Reports

Ten new victims: The Egyptian judiciary keeps issuing arbitrary death sentences

After nearly seven years of trials, the Cairo Terror Court decided on Saturday to refer the papers of 10 defendants in the case known in the media as the “Helwan Brigades case” to the Grand Mufti for his opinion on their execution. This case is a comprehensive model for all human rights violations and fair trial guarantees, as it is a mass trial involving 215 people, and many of the defendants were subjected to torture, enforced disappearance and poor conditions of detention.

Case details

In August 2014, a video was published online showing 17 masked people carrying firearms. One of them explained that this group called the Helwan Brigades is tired of the peaceful Muslim Brotherhood, as he put it, and that the purpose of bearing arms is to respond to police and army violations against opponents in Egyptian prisons. It will also retaliate against the police and army’s use of violence against demonstrators during the dispersal of the Rabaa Al-Adawiya sit-in and Al-Nahda Square, and the Republican Guard incident, he said.

Two weeks after the video was published, the Ministry of Interior announced that it had identified the people in it and had arrested eight of them. Dozens of arrests followed in connection with this case, No. 451 of 2014, until the number of defendants reached 215, including 145 detainees.

In February 2015, the former Public Prosecutor Hisham Barakat referred all the defendants to a summary trial, on charges of establishing a group contrary to the law, the purpose of which is to call for the suspension of the provisions of the constitution and laws and to prevent state institutions and public authorities from carrying out their work, joining and leading that group. The prosecution also accused some of them of killing a police officer and attempting to kill others.

There have been many violations since the beginning as 46 of the defendants arrested said that they were subjected to enforced disappearance for periods ranging between two and 56 days, while the Public Prosecution deliberately failed to investigate these allegations. Thirty of the defendants in the case confirmed that they were tortured after their arrest to make them confess to the charges against them.
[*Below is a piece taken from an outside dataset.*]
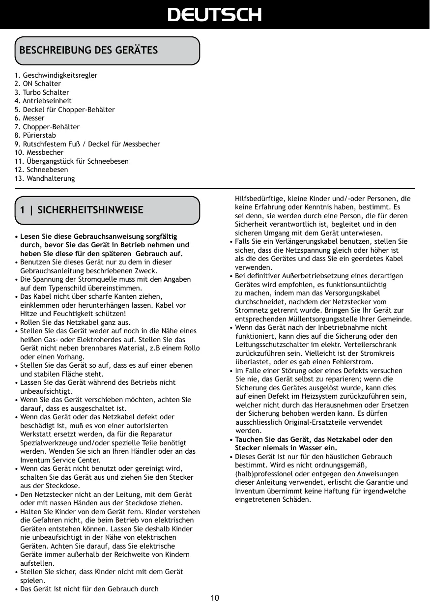 2 om de snelheid te 7 6 5 gebruiken die u bovenop de motor unit met de draaiknop 1 (regelbare snelheid) heeft ingesteld. Houdt tijdens het hakken de motor unit met een hand vast en met de andere hand de hakmolen. Let op: Schakel de hakmolen niet constant in, dit kan problemen aan de motor veroorzaken. Gebruik de hakmolen bij voorkeur 30 seconden per keer en laat de hakmolen daarna 2 minuten uit staan. • De deksel van de hakmolen mag onder de kraan afgespoeld worden. • Gebruik geen agressieve schoonmaakmiddelen. Deze kunnen het materiaal aantasten. • Dompel de motor unit nooit onder in water of andere vloeistoffen. • Deze accessoires mogen gereinigd worden in de vaatwasmachine: • Ne pas tirer sur le cordon électrique ni sur l’appareil lui-même pour retirer la fiche de la prise de courant murale. Ne jamais toucher l’appareil avec les mains mouillées ou humides. • Ne jamais laisser l’appareil à la portée des enfants. Les enfants ne sont pas conscients des dangers qui peuvent exister lors de l’utilisation d’appareils électriques. C’est pourquoi vous ne devez jamais laisser un enfant se servir de cet appareil sans surveillance. Veillez à ce que l’appareil soit toujours rangé de telle sorte que les enfants ne puissent pas y accéder. • L’appareil ne peut pas être utilisé par des infirmes ni par des enfants et/ou des personnes ne sachant pas s’en servir, sauf si ces personnes sont accompagnées ou aidées pour l’utilisation sans danger de l’appareil par une personne responsable de leur sécurité. • Vous ne pouvez utiliser une rallonge électrique que si le voltage et la puissance sont les mêmes (voir plaque technique) ou plus élevés que ceux du cordon livré avec l’appareil. Utilisez toujours une rallonge de cordon électrique de terre qui soit conforme aux normes de sécurité. • Si vous décidez de ne plus utiliser l’appareil en raison d’une panne ou d’une défectuosité, nous vous conseillons alors, une fois après avoir retiré la fiche de la prise de courant murale, de couper le cordon électrique. Emportez l’appareil au service correspondant de votre commune. • Si l’appareil, une fois mis en marche, ne fonctionne pas, il se peut alors que cela vienne du fusible ou du disjoncteur miniature dans la boîte de répartition électrique. Le groupe est peut-être trop chargé ou bien il y a eu du courant de fuite de terre. • En cas de perturbation ou de panne, n’essayez jamais de réparer vous-même l’appareil; si la sécurité de l’appareil a sauté, cela peut vouloir indiquer une défectuosité, et ceci ne peut pas se réparer en enlevant ou en remplaçant cette sécurité. Il est indispensable d’utiliser exclusivement des pièces détachées d’origine. • Ne plongez jamais l’appareil, le cordon électrique ou la fiche de l’appareil dans de l’eau ou dans tout autre liquide.

The methods of torture included insults, severe beatings, electric shocks in sensitive places, hanging by the hands, and threats to harm families.
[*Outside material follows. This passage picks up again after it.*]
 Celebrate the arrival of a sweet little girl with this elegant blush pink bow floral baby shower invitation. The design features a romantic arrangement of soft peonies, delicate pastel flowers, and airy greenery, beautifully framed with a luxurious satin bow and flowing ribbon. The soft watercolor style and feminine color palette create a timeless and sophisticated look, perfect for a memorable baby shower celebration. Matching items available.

The case papers show that there are 38 imprisoned defendants who have been deprived of their right to legal representation before the prosecution, and investigations began with them in the absence of any lawyer, whether private or delegated by the Bar, which violates the constitutional text of Article 54. The justifications for the prosecution to start the investigation session without the presence of a lawyer varied between cases of necessity, fear that they would have to be released, inability of the lawyer to attend, and fear of losing evidence. These reasons cannot, in any way, amount to a justification for violating a constitutional text and violating the defendants’ right to a defence.
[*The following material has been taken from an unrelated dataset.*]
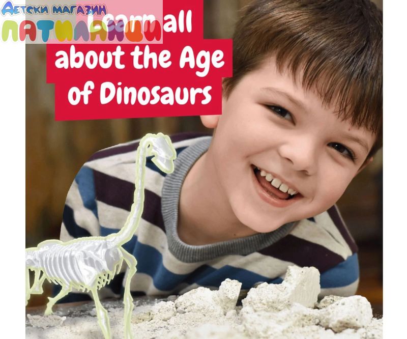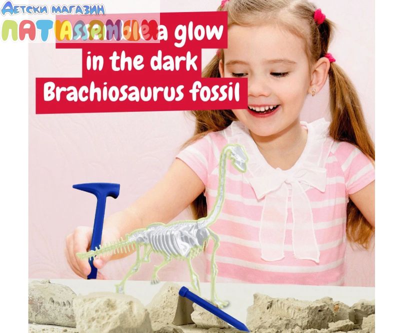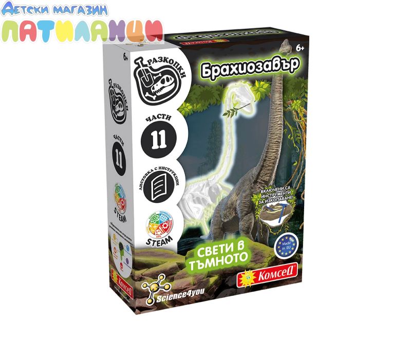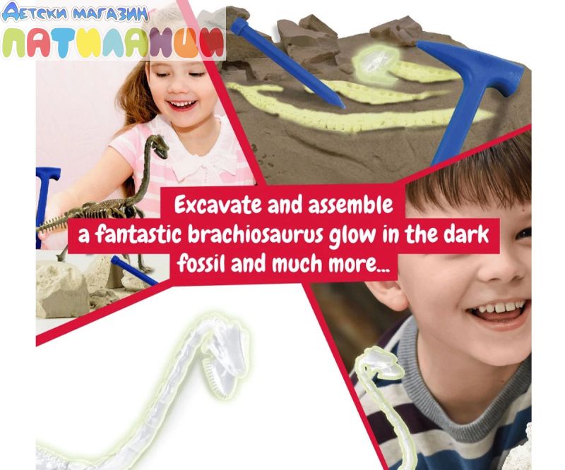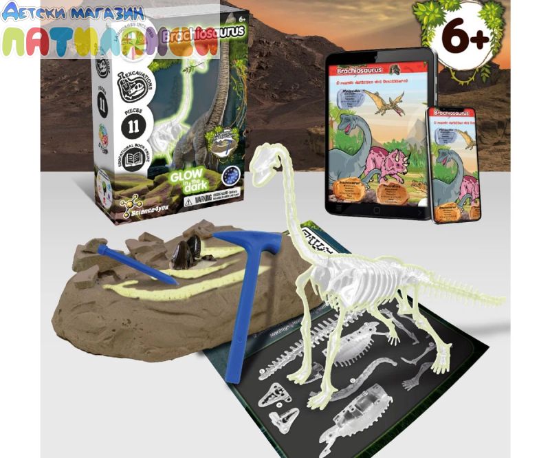 Влезте във фантастичния свят на динозаврите със Science4you и разкопайте динозавъра Брахиозавър, който свети в тъмното. С този комплект ще научите най-добрите техники за разкопаване на фосила на Брахиозавъра и след като искате всички части, просто сглобете динозавъра си и вижте като свети в тъмното. Перфектната играчка за всички, които обичат динозаври и Джурасик свят. Препоръчителна възраст: над 6 години. С тази играчка от Science4you ще направите първите си стъпки в света на разкопките. Ще разкопаете и сглобите своя собствен динозавър и ще видите като свети в тъмното. Удивително, нали? Открийте какво са фосилите и какво е довело до изчезването на динозаврите. Започнете това приключване на откритието и научете повече за любимите си динозаври. Включва онлайн образователно ръководство на 7 различни езика (португалски, испански, английски, френски, немски, италиански и холандски).

Twenty-four defendants complained about the poor conditions of places of detention, and the complaints varied between the threatening health situation and being subjected to ill-treatment, and more than one defendant complained of being denied their right to visit and exercise, overcrowding and poor ventilation inside the cells.

Executions on the rise

Referring their papers to the Mufti paves the way for a death sentence to be passed, as Dr. Shawky Allam, the Mufti of the Republic who is close to the regime of President Sisi, rarely refuses to approve death sentences in such cases. Egypt has recently witnessed an unprecedented increase in death sentences. In 2020, death sentences were issued against 314 people, and 136 of the convicts were hanged, which set a new precedent in the history of Egyptian criminal justice institutions.

According to an initial count, in 2021 408 death sentences were issued, including 75 against whom a final judgment was issued after they had exhausted all stages of litigation, which means that they can be executed at any time. The authorities have already executed 52 people, many of whom are held on political charges. This reflects the thirst of President Sisi’s regime to use the death penalty as a tool to incite terror and fear in society. While most countries of the world are moving towards abolishing the death penalty, the regime continues to use and expand it.